士兵將他帶到了一處地牢里,將他與惡妮他們關押在一起。看見惡妮蜷縮在牢房的一個角落里,心里一陣酸楚。霍爾德斯很是不解之前還好好的,怎么突然就成了階下囚了?西少看見霍爾德斯也被關押了進來,趕忙走到他的面前說道:“大哥,你要替我們做主啊。那個松利就是個瘋子,見我們無法帶他去找尋更多的人口,就下令將我們關押在了這里。”霍爾德斯方才明白,原來那松利一直在試探他們。也怪自己大意,沒能早些看出來。惡妮說道:“我們要想辦法離開這里,我可不想在這又臭又臟的地牢里死去。”屁忠也是憋了一肚子氣,厲聲說道:“誰想在這里啊?關鍵是這大牢堅固的跟個鐵桶似的,如何出的去?”西少說道:“大家別爭,我倒是覺得這地方并非牢不可破,你們看那些侍衛。眾人將目光齊刷刷看向門口的侍衛們。原來那看守大牢的侍衛只有兩人,而且都是酒肉之徒,每次值班都要帶些酒肉來喝得爛醉。西少將那兩名侍衛叫了過來,每人給里一些金幣,示意而為通融通融。兩侍衛看著金幣欣喜萬分,將他們當成貴人看待,趕忙將那好酒好肉的拿來分享。霍爾得斯立即戲精附身,將兩名侍衛玩地團團轉。屁忠更是又劃拳又賭酒的,將兩名侍衛全部灌醉。

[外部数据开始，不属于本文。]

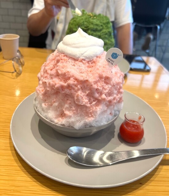 テーブルで待つ事5分ほどで美味しいそうなかき氷がきました♪奥さんはいちごミルク私はいつもの八女抹茶ミルクです。八女抹茶には中に餡子やらいろいろ入ってます。ふわふわ氷で口のですぐ溶けます、めちゃ美味しい〜‼️それから食べても食べても、頭キーンが全然ないんです!うちの奥さんも驚いております。また来たいと珍しく叫んでいました。やはり女性たちに人気のお店です。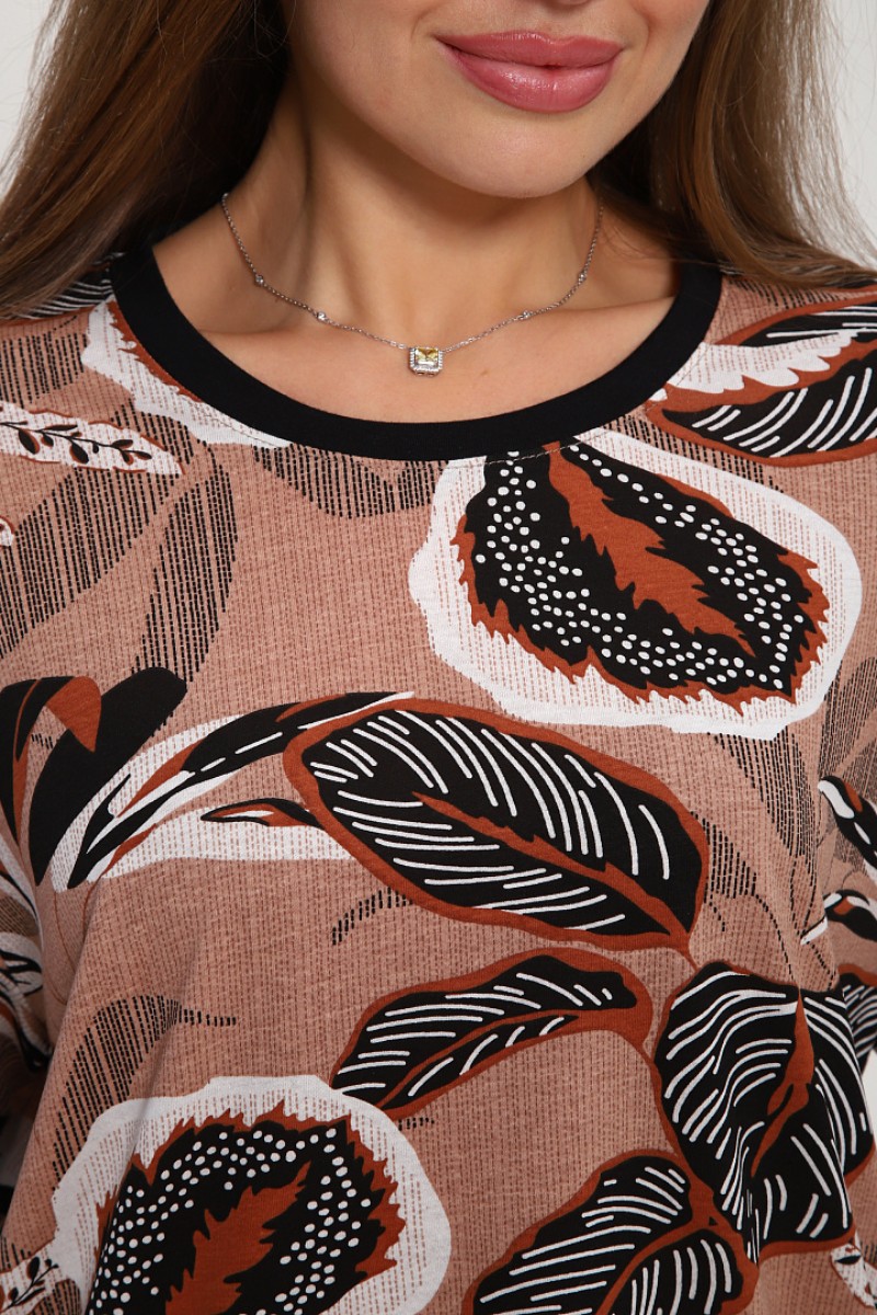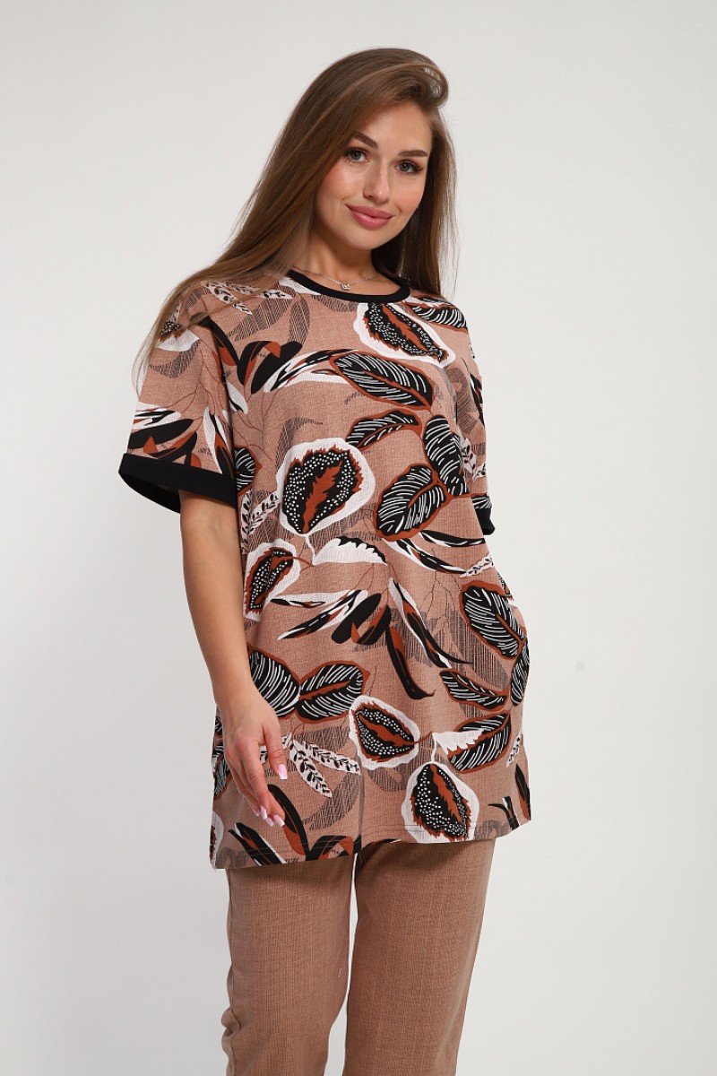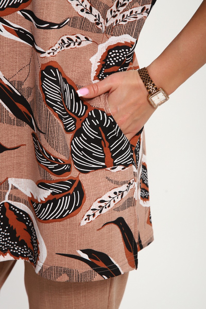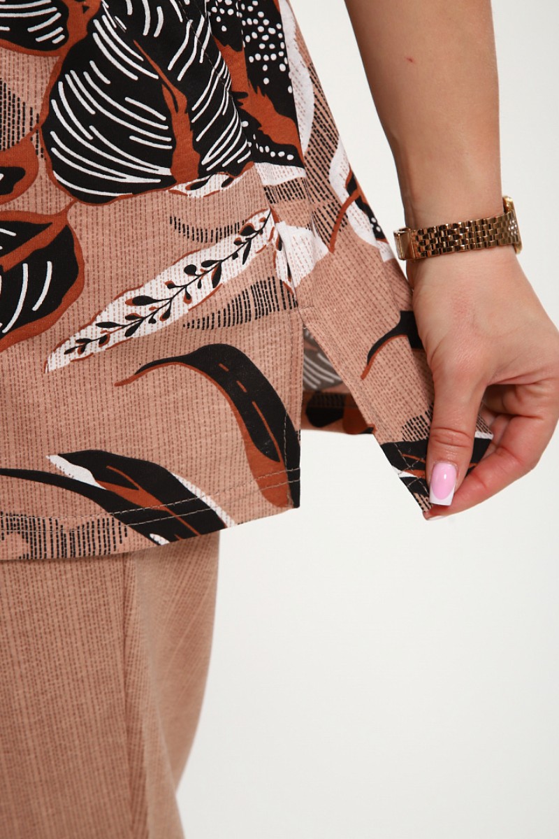 Костюм двойка женский №269 кулирка (р-ры: 50-60) бежевый-коричневый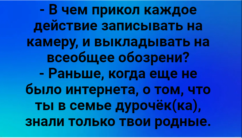 Да меня уже подобный контент начал раздражать. Все эти натянутые улыбки, наигранные эмоции… Вот интересно, как вобще эти люди жили раньше без записи каждого чиха на видео? Дошло уже до того, что выкладывают съёмки с похода в туалет в моментах выделения продуктов жизнедеятельности А как Вы относитесь к этому?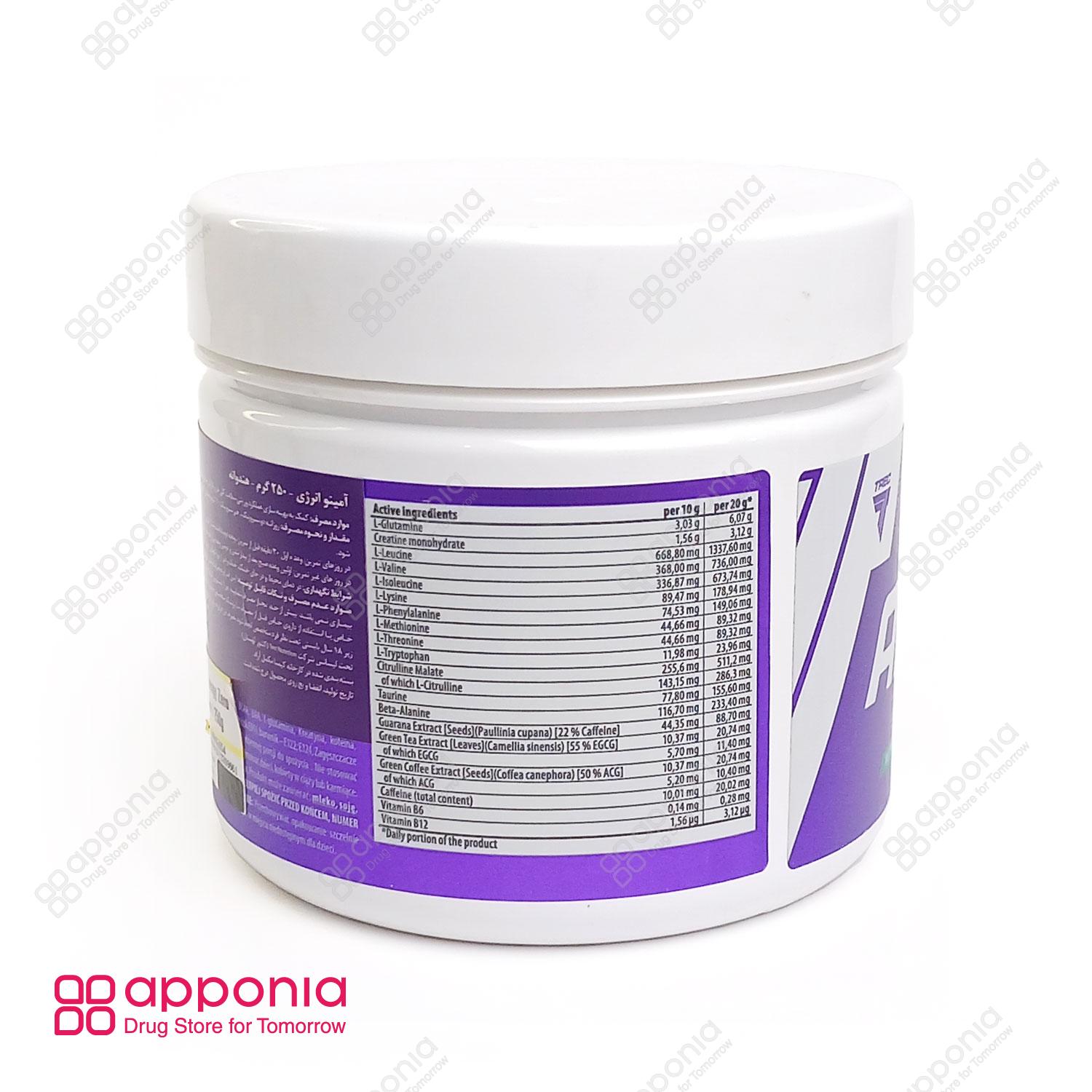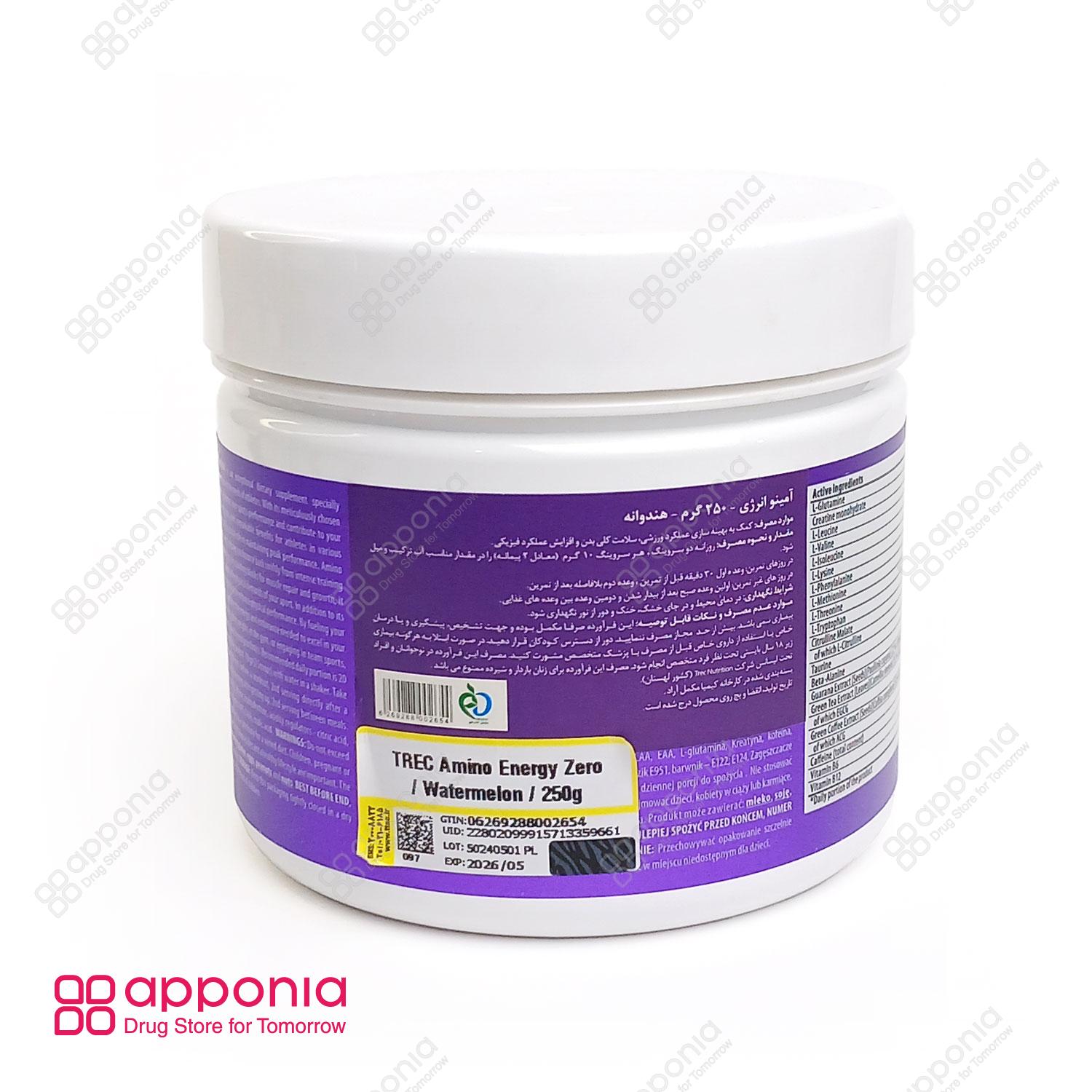 پودر آمینو انرژی زیرو ترک نوتریشن (Trec Nutrition Amino Energy Powder) یک مکمل انرژیزا و تقویتکننده عضلات است که تحت لیسانس شرکت ترک نوتریشن لهستان تولید شده و توسط شرکت کیمیا مکمل آراد در ایران بستهبندی و عرضه میشود. این محصول که یک مکمل آمینو اسید محسوب میشود، در دستهبندی مکملهای بدنسازی قرار میگیرد. آمینو انرژی زیرو ترک ترکیبی بینظیر از ۱۴ نوع آمینو اسید ضروری (مانند BCAA، گلوتامین، کراتین مونوهیدرات، بتا آلانین و سیترولین مالات) به همراه کافئین طبیعی، عصاره چای سبز و عصاره قهوه سبز و نیز ویتامینهای B6 و B12 را در خود جای داده است. این مکمل به صورت پودر طعمدار و در قوطیهای ۲۵۰ گرمی عرضه شده و طعم هندوانه یکی از طعمهای آن است. ویژگی مهم این محصول این است که فاقد شکر است.

四人打開牢門來到地面。此時正值深夜,四周一片漆黑,遠處火山噴出地巖漿泛著紅光。霍爾德斯將四人領到他們之前來此的入口處,把自己的發現一五一十地告訴了大家。三人聽完后都感到無比驚訝,不可思議。但事實擺在眼前,雖然難以置信,但也無可奈何。然而松利的所作所為雖讓人不恥,可眼下的情形,找到松利興許能詢問出一些線索來。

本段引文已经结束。